June 1982. The same day that Brazil played the Soviets marked the cease fire at the Malvinas (or Falkland) islands. Argentina’s war adventure had failed and the result is that they broke their own treasury, accelerating the end of the dictatorship. As dominos falling, that year would see defaults in Mexico and Brasil. By the end of the year all major Latin American countries were in economic trouble. By the end of the decade all dictatorships had fallen: Argentina, Brasil, Paraguay, Chile and Uruguay.
Redemocratization brought new hope for the favelas. Social movements were now part of the political process and not underground organizations. Newly elected governments in Rio de Janeiro for instance started to recognize the favelas not as a problem (to be extirpated) but as cheap solutions to an enormous housing shortage. Oscar Niemeyer started designing the CIEPS, full time schools built on the periphery of Rio to educate, feed and entertain kids. The largest Brazilian cohort ever was born that year (1982) and is now turning 30, certainly enjoying the best labor market ever since.
But the same crisis of external debt that helped bring the dictatorships down also ensured that the 1980s would be the “lost decade” in Latin America.

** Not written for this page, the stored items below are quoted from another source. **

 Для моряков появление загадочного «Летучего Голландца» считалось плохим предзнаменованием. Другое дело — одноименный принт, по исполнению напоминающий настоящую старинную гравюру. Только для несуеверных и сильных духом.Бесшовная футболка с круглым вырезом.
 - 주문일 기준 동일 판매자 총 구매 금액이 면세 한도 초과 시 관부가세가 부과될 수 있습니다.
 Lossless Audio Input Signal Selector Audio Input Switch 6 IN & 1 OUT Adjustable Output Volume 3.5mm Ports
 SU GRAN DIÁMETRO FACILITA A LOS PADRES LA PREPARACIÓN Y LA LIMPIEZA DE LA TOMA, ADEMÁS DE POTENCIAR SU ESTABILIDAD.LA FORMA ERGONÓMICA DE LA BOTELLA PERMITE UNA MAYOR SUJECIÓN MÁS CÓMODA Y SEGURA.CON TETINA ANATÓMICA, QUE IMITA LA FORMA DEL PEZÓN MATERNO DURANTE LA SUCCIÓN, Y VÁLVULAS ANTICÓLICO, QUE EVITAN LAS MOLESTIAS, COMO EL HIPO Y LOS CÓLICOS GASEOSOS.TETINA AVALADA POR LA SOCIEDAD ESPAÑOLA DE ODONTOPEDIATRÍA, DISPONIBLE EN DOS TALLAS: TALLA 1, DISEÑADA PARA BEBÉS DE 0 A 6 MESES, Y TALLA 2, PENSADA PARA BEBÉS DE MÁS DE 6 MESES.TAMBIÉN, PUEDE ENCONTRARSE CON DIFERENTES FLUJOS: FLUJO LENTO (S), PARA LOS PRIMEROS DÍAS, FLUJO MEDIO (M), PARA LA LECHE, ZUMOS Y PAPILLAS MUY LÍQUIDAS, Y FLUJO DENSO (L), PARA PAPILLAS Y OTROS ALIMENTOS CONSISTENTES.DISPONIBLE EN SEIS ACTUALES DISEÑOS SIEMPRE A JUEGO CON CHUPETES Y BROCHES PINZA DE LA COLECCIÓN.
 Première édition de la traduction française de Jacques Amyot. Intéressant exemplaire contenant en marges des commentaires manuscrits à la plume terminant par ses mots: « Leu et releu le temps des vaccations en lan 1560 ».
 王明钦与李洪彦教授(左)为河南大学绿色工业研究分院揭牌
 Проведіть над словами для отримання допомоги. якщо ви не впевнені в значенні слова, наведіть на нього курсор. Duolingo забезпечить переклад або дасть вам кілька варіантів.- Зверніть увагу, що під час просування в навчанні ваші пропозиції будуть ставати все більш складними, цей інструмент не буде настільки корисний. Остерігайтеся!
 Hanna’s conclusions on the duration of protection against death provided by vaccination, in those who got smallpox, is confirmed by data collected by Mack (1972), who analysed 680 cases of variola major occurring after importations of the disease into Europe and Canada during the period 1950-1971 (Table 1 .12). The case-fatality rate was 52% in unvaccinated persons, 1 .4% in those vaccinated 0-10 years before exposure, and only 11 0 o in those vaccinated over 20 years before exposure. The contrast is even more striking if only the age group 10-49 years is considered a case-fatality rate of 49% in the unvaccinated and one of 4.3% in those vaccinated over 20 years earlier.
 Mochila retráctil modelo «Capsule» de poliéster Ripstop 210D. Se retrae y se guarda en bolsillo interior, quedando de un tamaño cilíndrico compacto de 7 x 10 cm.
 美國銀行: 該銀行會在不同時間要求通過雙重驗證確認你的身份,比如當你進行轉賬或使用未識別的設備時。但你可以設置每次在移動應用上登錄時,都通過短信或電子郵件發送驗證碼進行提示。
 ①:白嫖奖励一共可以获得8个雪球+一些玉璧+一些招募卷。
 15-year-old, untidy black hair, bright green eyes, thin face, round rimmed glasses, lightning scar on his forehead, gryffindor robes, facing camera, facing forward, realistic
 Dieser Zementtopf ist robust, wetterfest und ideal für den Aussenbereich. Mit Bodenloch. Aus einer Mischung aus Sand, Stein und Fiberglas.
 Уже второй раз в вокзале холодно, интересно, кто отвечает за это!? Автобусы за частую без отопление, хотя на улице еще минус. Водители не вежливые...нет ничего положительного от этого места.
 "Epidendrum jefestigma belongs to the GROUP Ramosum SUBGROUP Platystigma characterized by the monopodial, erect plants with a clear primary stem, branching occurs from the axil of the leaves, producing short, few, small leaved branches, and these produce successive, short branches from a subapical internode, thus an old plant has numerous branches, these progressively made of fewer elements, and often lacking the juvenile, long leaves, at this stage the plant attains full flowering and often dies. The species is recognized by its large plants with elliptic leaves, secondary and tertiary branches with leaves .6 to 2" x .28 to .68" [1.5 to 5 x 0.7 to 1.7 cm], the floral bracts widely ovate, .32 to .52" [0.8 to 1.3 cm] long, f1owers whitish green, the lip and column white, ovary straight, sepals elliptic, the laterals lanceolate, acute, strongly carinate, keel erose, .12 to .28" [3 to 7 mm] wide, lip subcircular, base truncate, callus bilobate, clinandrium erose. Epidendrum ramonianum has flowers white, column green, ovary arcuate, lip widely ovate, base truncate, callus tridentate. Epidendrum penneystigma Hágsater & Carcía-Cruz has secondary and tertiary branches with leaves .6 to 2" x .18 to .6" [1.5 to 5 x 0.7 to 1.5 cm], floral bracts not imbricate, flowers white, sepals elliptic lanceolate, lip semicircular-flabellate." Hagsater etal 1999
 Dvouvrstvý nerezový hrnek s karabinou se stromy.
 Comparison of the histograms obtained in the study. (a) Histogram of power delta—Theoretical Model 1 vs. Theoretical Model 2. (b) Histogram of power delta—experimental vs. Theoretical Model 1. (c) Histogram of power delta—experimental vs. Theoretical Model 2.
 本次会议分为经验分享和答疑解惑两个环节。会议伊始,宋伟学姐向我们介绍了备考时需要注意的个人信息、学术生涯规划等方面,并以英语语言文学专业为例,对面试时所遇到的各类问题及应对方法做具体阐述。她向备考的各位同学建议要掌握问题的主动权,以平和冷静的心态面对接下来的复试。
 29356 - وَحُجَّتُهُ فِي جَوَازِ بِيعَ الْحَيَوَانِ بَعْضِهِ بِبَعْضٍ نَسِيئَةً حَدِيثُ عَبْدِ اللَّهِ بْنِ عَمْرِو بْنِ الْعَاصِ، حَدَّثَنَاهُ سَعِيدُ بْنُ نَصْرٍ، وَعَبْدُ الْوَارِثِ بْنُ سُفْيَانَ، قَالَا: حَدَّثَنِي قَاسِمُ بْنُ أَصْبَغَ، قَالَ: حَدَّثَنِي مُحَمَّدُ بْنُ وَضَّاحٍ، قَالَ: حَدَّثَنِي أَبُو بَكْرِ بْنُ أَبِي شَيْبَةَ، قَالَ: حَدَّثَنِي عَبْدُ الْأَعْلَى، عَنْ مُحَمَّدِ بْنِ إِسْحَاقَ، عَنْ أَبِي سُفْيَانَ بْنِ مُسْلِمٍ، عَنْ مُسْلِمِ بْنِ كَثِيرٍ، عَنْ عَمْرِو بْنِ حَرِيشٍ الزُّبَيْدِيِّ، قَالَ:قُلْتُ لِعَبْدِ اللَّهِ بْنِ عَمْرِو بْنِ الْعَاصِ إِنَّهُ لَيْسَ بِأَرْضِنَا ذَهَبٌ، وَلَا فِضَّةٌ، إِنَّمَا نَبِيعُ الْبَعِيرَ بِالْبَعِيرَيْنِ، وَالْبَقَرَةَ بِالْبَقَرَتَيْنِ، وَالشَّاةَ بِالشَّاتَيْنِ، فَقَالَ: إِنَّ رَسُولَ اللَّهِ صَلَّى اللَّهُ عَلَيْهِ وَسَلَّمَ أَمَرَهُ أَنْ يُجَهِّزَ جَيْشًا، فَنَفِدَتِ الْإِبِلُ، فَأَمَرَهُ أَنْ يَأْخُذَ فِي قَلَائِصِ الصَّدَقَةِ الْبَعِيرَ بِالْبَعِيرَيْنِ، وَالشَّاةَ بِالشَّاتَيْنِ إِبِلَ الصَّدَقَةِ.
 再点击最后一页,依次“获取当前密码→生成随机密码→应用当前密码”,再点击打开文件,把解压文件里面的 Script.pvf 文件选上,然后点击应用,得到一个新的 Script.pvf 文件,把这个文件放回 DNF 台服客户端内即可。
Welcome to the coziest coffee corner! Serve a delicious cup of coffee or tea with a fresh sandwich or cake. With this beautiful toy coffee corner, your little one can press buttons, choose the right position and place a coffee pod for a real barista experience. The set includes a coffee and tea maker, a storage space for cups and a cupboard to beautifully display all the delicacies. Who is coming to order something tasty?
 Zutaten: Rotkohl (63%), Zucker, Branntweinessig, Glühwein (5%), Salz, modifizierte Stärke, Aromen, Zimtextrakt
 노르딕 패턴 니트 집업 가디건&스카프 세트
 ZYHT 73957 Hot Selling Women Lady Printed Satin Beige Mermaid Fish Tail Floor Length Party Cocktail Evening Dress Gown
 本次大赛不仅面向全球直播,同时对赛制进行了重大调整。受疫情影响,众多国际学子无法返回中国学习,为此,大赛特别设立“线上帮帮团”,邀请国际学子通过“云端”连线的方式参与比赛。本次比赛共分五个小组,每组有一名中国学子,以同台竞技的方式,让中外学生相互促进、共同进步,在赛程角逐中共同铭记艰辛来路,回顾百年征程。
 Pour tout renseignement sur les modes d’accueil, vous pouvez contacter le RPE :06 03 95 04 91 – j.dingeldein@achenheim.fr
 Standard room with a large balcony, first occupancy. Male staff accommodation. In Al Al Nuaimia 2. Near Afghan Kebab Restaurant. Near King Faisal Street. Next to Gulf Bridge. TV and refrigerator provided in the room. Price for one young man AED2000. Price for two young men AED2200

Brasil, Argentina and Mexico saw their economies stagnate during the 1980s. The effect on the favelas was that the new political liberties were not matched by parallel investments for absolute lack of money (supported by IMF stringent guidelines). Later in 1986 Diego Maradona won the World Cup almost by himself while at home the fresh (and still financially broke) democracies of Brazil, Argentina, Uruguay and Paraguay were cooking Mercosur, starting a collaboration that changed the region’s geopolitics.
Sometimes loosing here helps you win further down the road.